DATA FOR REVIEW:

--- START ---

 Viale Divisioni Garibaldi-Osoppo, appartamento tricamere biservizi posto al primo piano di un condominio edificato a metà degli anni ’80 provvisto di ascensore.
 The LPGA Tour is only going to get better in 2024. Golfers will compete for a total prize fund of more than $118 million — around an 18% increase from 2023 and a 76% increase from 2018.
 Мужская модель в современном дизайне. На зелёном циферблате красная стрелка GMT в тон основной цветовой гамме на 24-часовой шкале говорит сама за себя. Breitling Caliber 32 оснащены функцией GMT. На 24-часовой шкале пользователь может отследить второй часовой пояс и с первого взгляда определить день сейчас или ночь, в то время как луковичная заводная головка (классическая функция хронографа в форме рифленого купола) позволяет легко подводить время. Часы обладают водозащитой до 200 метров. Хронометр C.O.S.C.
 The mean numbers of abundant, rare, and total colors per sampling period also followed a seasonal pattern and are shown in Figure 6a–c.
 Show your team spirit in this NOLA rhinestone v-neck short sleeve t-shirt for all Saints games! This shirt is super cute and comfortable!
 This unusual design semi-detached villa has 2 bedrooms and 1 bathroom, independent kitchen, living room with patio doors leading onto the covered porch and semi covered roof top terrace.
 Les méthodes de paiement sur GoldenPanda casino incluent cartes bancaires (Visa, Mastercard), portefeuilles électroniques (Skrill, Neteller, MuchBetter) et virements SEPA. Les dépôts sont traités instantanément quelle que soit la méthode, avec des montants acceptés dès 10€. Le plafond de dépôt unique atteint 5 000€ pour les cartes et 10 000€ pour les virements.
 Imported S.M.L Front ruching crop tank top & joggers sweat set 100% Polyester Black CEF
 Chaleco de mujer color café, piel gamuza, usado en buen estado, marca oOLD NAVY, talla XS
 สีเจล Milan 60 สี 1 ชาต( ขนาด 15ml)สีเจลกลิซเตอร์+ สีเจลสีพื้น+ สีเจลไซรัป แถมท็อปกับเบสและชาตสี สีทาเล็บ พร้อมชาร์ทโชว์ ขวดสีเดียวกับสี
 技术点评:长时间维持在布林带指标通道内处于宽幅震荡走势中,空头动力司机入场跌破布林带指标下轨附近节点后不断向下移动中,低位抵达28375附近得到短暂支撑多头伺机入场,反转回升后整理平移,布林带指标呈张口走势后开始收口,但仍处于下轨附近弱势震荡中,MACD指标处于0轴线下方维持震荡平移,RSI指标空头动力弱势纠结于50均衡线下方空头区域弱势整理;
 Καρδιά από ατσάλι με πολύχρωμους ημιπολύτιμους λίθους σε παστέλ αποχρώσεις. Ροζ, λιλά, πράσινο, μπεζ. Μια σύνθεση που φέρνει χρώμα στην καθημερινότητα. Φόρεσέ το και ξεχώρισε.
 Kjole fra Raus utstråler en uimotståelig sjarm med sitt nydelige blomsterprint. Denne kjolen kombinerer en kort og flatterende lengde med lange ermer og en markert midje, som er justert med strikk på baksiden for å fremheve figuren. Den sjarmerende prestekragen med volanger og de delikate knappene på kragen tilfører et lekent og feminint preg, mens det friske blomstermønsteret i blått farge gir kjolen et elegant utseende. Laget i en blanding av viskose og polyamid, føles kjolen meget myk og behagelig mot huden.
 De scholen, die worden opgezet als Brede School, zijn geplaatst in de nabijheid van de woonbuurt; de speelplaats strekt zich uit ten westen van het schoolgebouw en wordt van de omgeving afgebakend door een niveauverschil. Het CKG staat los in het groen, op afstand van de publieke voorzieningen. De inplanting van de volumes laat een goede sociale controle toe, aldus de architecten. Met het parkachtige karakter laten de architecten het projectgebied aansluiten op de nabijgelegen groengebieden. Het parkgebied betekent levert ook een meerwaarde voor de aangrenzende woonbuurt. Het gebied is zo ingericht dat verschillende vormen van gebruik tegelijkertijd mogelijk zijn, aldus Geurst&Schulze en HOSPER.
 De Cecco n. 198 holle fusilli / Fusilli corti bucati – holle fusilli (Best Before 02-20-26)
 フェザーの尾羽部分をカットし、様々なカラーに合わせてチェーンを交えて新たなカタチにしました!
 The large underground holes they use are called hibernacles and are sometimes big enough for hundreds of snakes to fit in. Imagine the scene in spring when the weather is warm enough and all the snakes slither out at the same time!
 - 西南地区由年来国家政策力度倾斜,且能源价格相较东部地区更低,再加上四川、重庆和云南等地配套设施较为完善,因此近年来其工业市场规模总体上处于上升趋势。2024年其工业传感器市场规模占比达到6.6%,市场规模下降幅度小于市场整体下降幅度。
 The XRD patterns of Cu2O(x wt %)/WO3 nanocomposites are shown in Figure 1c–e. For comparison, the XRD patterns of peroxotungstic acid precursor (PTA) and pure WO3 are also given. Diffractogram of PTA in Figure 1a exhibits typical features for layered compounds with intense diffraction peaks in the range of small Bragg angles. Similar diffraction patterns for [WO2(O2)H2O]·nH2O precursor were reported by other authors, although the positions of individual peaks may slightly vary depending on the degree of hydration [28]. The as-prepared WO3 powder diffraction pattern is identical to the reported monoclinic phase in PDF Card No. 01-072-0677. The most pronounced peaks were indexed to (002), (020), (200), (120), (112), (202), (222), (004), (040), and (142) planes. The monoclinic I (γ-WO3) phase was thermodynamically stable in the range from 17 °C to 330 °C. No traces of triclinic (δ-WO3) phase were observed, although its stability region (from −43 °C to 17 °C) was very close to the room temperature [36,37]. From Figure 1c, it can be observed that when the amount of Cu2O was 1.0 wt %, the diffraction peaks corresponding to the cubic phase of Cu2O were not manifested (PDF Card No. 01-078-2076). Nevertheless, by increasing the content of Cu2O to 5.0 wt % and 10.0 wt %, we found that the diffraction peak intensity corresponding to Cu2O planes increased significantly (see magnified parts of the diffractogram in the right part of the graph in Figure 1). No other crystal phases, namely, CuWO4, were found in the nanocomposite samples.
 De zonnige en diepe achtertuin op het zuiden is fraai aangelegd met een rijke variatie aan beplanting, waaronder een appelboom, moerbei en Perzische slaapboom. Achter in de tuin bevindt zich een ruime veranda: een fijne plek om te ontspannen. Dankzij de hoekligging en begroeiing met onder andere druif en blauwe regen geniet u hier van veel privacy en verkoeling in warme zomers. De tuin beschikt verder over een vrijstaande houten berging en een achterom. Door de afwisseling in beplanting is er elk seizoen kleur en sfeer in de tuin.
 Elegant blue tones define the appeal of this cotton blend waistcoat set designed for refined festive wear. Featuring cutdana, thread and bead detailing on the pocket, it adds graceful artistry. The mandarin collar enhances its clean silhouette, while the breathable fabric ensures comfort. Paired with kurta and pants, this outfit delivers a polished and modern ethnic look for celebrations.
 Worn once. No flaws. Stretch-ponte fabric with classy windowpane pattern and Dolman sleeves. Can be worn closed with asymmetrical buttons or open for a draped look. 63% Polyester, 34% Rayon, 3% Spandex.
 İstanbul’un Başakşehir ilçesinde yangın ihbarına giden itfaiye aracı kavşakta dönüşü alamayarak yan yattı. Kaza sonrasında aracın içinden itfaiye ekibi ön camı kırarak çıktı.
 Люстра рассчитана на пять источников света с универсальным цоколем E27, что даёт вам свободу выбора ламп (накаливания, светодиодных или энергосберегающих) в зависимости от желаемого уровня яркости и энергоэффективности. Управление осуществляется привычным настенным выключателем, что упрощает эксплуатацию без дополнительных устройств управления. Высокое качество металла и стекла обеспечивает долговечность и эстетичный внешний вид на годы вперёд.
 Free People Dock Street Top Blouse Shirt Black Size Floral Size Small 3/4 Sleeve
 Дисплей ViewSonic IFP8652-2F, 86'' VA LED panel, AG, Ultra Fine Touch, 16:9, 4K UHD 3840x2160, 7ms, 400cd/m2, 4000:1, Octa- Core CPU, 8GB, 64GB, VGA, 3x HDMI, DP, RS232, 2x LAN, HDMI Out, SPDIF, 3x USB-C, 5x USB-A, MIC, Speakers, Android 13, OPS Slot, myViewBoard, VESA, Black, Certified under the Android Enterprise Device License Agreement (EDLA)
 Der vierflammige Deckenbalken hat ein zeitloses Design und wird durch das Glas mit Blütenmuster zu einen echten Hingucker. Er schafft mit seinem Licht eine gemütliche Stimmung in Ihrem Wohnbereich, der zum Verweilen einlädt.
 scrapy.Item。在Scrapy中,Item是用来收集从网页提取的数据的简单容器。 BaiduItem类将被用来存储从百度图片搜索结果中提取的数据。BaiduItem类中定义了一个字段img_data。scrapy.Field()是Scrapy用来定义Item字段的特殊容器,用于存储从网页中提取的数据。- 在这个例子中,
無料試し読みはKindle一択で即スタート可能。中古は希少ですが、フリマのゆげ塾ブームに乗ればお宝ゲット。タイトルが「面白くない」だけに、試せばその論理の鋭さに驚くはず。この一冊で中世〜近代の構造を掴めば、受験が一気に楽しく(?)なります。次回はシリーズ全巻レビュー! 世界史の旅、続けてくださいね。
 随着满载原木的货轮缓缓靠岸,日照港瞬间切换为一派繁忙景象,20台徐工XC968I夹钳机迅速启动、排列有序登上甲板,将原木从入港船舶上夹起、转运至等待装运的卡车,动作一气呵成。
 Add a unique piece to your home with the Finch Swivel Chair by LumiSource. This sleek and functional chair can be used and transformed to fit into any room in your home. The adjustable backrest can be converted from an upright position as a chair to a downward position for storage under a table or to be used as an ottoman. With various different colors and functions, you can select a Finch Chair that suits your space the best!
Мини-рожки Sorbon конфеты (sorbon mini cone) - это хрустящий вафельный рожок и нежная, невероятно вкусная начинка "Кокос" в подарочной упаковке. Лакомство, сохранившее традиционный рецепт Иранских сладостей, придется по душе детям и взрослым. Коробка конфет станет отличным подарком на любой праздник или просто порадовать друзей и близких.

--- END ---

WHAT TO DO:
Look above for the line containing "สีเจล Milan 60" and the line containing "Καρδιά από ατσάλι". Transcribe both, with the lines between them, exactly.

EXERCISE OUTPUT:
 สีเจล Milan 60 สี 1 ชาต( ขนาด 15ml)สีเจลกลิซเตอร์+ สีเจลสีพื้น+ สีเจลไซรัป แถมท็อปกับเบสและชาตสี สีทาเล็บ พร้อมชาร์ทโชว์ ขวดสีเดียวกับสี
 技术点评:长时间维持在布林带指标通道内处于宽幅震荡走势中,空头动力司机入场跌破布林带指标下轨附近节点后不断向下移动中,低位抵达28375附近得到短暂支撑多头伺机入场,反转回升后整理平移,布林带指标呈张口走势后开始收口,但仍处于下轨附近弱势震荡中,MACD指标处于0轴线下方维持震荡平移,RSI指标空头动力弱势纠结于50均衡线下方空头区域弱势整理;
 Καρδιά από ατσάλι με πολύχρωμους ημιπολύτιμους λίθους σε παστέλ αποχρώσεις. Ροζ, λιλά, πράσινο, μπεζ. Μια σύνθεση που φέρνει χρώμα στην καθημερινότητα. Φόρεσέ το και ξεχώρισε.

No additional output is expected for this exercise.